Work request: Here is the task for the listing below: output exactly the lines from the one containing "이용인분들과 대학생들이 함께" through the one containing "ممهلا باحصلأ جمادلا", and leave out the pictures.

Data records:

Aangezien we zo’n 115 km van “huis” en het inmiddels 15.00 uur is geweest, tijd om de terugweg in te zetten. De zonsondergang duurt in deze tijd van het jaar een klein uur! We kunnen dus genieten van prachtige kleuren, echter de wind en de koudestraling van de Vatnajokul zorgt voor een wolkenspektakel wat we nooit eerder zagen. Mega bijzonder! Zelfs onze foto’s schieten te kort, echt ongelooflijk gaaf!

* * *

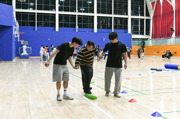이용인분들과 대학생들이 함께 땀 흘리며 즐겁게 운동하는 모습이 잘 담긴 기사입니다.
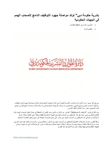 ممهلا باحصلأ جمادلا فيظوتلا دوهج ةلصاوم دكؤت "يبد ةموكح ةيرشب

Answer to this task:
이용인분들과 대학생들이 함께 땀 흘리며 즐겁게 운동하는 모습이 잘 담긴 기사입니다.
 ممهلا باحصلأ جمادلا فيظوتلا دوهج ةلصاوم دكؤت "يبد ةموكح ةيرشب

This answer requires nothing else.